# flwoer mantis lost a legg in transport..now what?can i still breed it?



## macro junkie (Nov 6, 2007)

i got a pair today..but just noticed its missing 1 legg..what happens now? its walking funny..?


----------



## hibiscusmile (Nov 6, 2007)

Sure it can mate, don't worry about it unless it acts sick, it walks funny cause it is missing one


----------



## macro junkie (Nov 6, 2007)

hibiscusmile said:


> it walks funny cause it is missing one


heheh thanks for making me laugh..i neeeded that..  :lol:  as usula u have put me at ease....


----------



## macro junkie (Nov 6, 2007)

how about when it sheads..wil it be ok?


----------



## Rick (Nov 6, 2007)

macro junkie said:


> how about when it sheads..wil it be ok?


It takes several molts to regenerate a leg. Doesn't look like that one has that many left.


----------



## asdsdf (Nov 6, 2007)

Is that male subadult? Unfortunately, he won't grow the leg back all the way(Possibly very very skinny leg), but he should be able to molt properly.

By the way, is that P.W? It looks like a hybrid of PO and PW, but seems to have more PW characteristics. :lol:


----------



## Kruszakus (Nov 7, 2007)

It usually takes 4-5 molts to regenerate a leg, sometimes even more - so I would not count on that.

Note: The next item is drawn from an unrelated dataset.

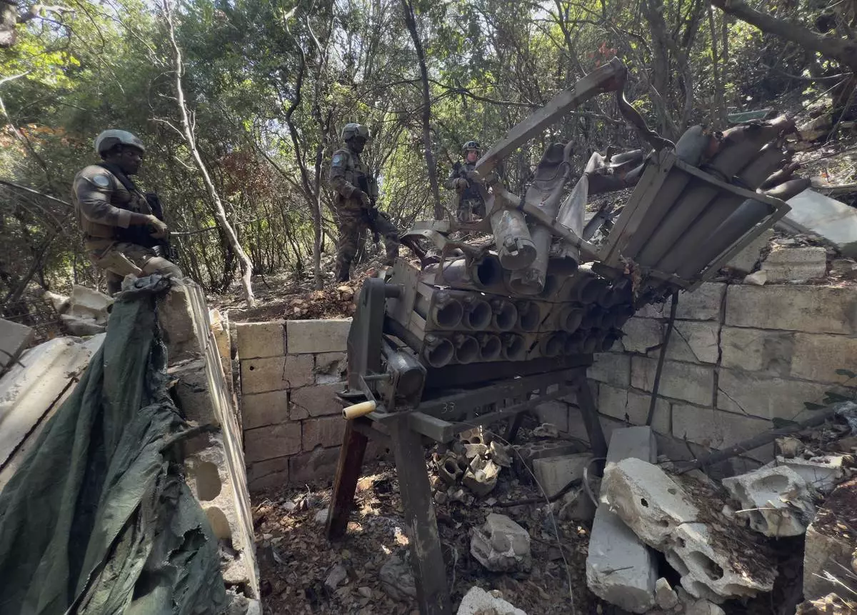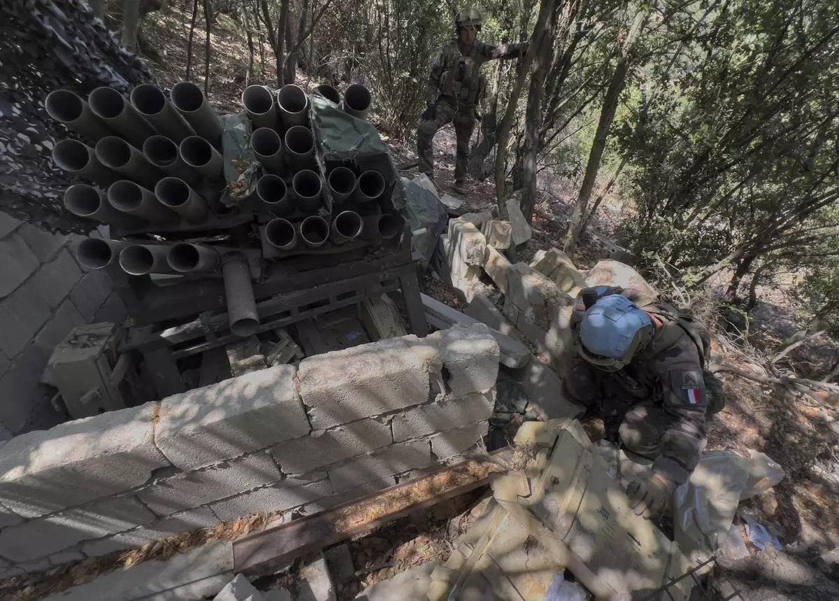 A French U.N. peacekeeper, foreground, checks ammunition boxes next to a destroyed Hezbollah rocket launcher in the Saluki Valley, south Lebanon, Wednesday, Aug. 20, 2025. (AP Photo/Hussein Malla)
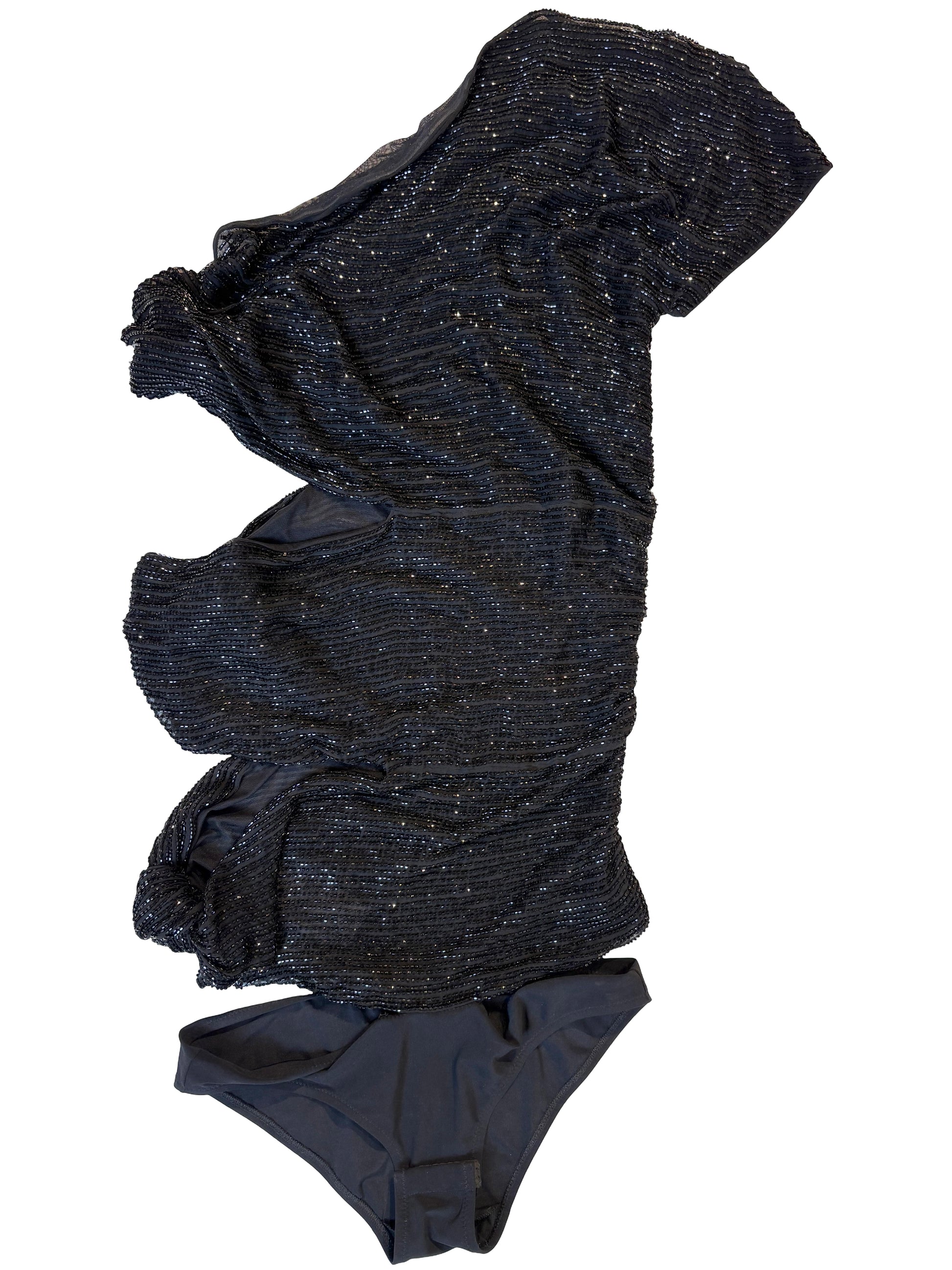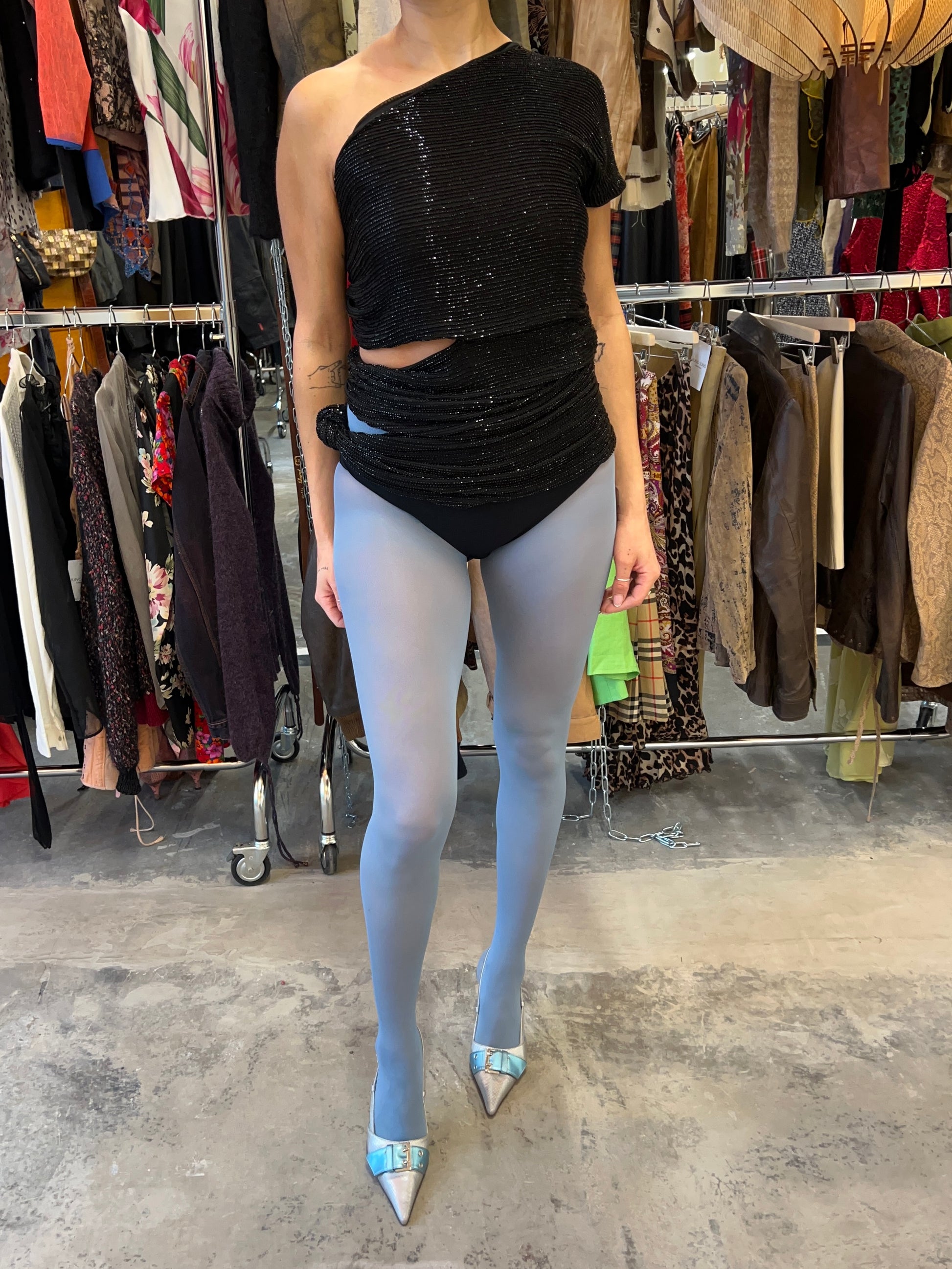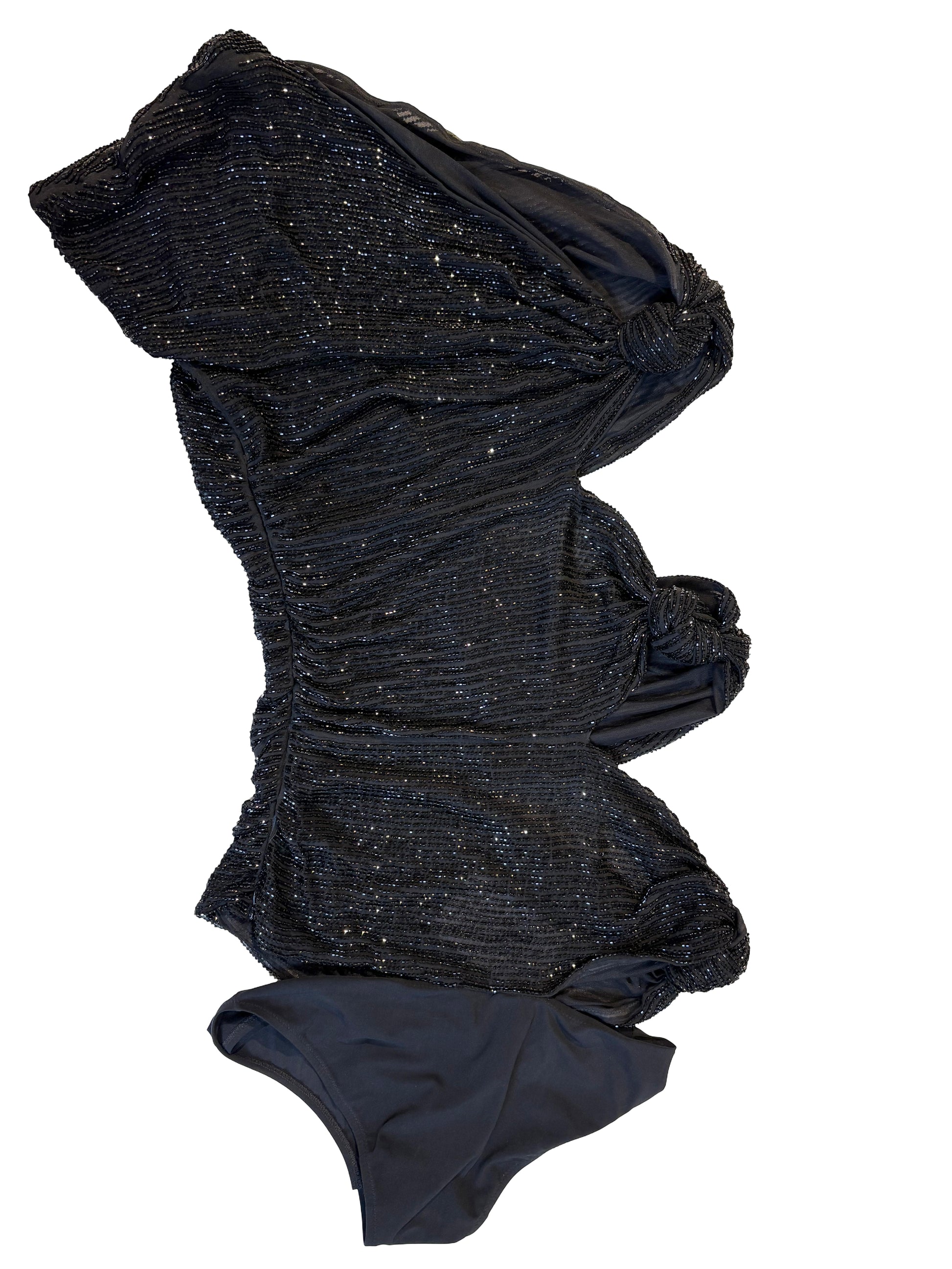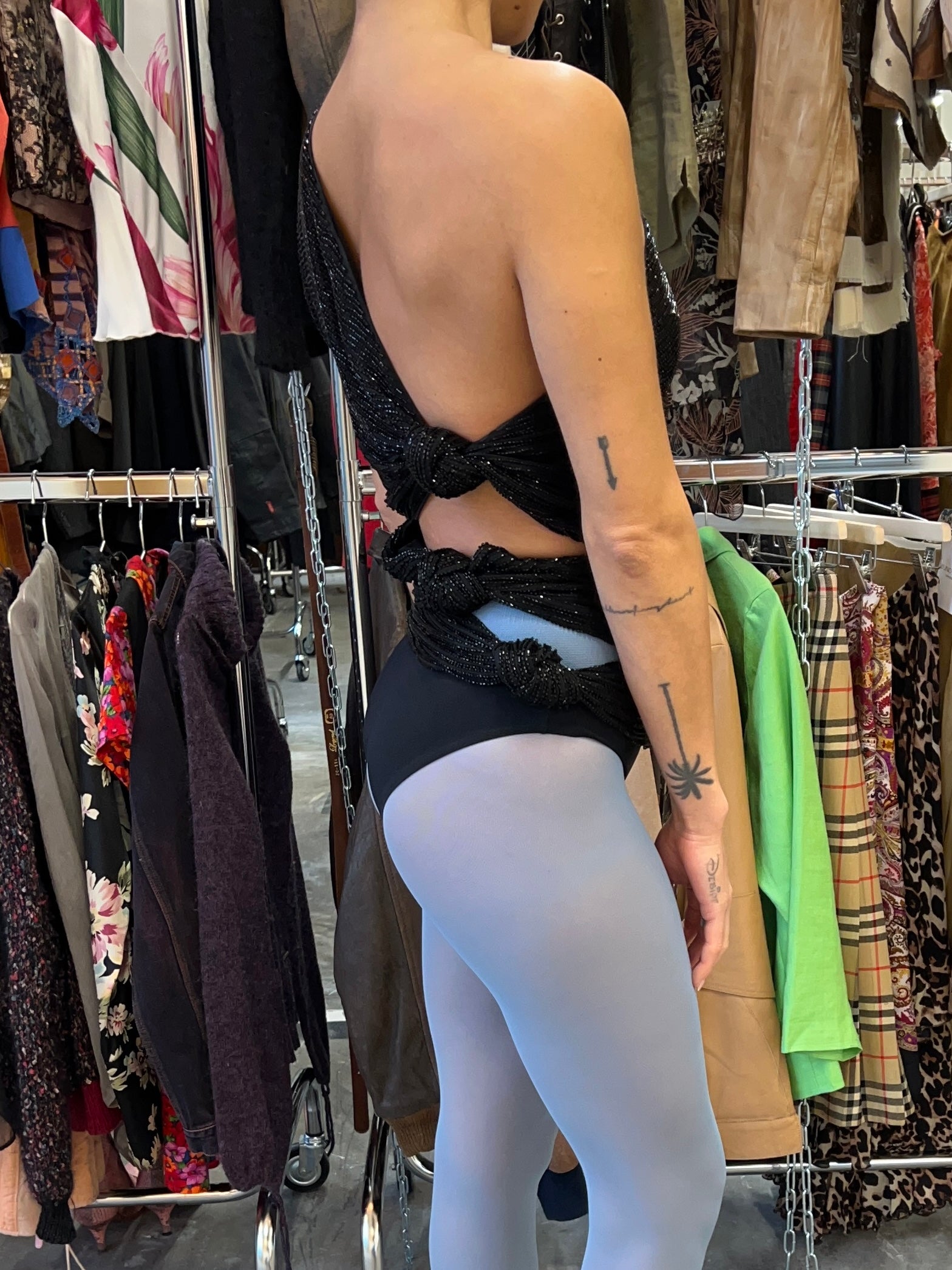 This heavy dramatic black bodysuit features sparkling bead embellishments and strategic cutouts that sculpt the waist and hips. A rare statement piece with glamorous ’80s undertones, ideal for evenings out or styled under blazers for contrast. One-shoulder design with elegant draping — equally at home on stage or at an art-world opening in Milan.

My friend has H. Coronatus that lost its leg during the final moult - no harm done, it is still alive and kicking.


----------



## macro junkie (Nov 7, 2007)

asdsdf said:


> Is that male subadult? Unfortunately, he won't grow the leg back all the way(Possibly very very skinny leg), but he should be able to molt properly.By the way, is that P.W? It looks like a hybrid of PO and PW, but seems to have more PW characteristics. :lol:


i got it from http://www.insectstore.com/ and hes giving me a full refund..just one of those things i guees..hes very alive tho and has eating 3 of these flys sinse yesterday..lol

Click here to veiw ful size image


----------



## joossa (Nov 9, 2007)

^Awesome picture!


----------



## Mantida (Nov 9, 2007)

That's a breathtaking photo. You really should go professional. :lol:


----------



## Galactic Lord Xenu (Nov 11, 2007)

Kruszakus said:


> My friend has H. Coronatus that lost its leg during the final moult - no harm done, it is still alive and kicking.


Eh, I'd have to say it ain't kicking as much...


----------



## Andrew (Nov 11, 2007)

Most people here are saying it takes a few molts to regenerate a leg...is this from personal experience? I had a young(~L3) _C. gemmatus_ that regenerated a leg in only one molt, and it was nearly indistinguishable from the other legs. Maybe younger mantids are quicker/better at regenerating a limb?


----------



## macro junkie (Nov 11, 2007)

that would be great if it did..we will see..oh i would love to go pro..not that easy tho..i started up my web site and im planning on buying a a3 printer 1000$ in few weeks..il then have a buy now feature and option to have them framed..apart from that going pro is very hard in this type of work..if your a great weeding photographer your get lots of business and become loaded..in this game shooting insects no one is really interested in it.its a great hobbie..i am a pro tho fomr 12 -6am..in my dreams..lol


----------



## idolomantis (Nov 20, 2007)

macro junkie said:


> i got it from http://www.insectstore.com/ and hes giving me a full refund..just one of those things i guees..hes very alive tho and has eating 3 of these flys sinse yesterday..lolClick here to veiw ful size image


very nice picture!!! what camera do you use?


----------



## Pelle (Nov 20, 2007)

idolomantis said:


> very nice picture!!! what camera do you use?


That's a silly question :blink:


----------



## ThorEH (Nov 20, 2007)

Pelle said:


> That's a silly question :blink:


Yes, but still we get it all the time


----------



## macro junkie (Nov 20, 2007)

canon 400d - mpe-65 mt-24ex.


----------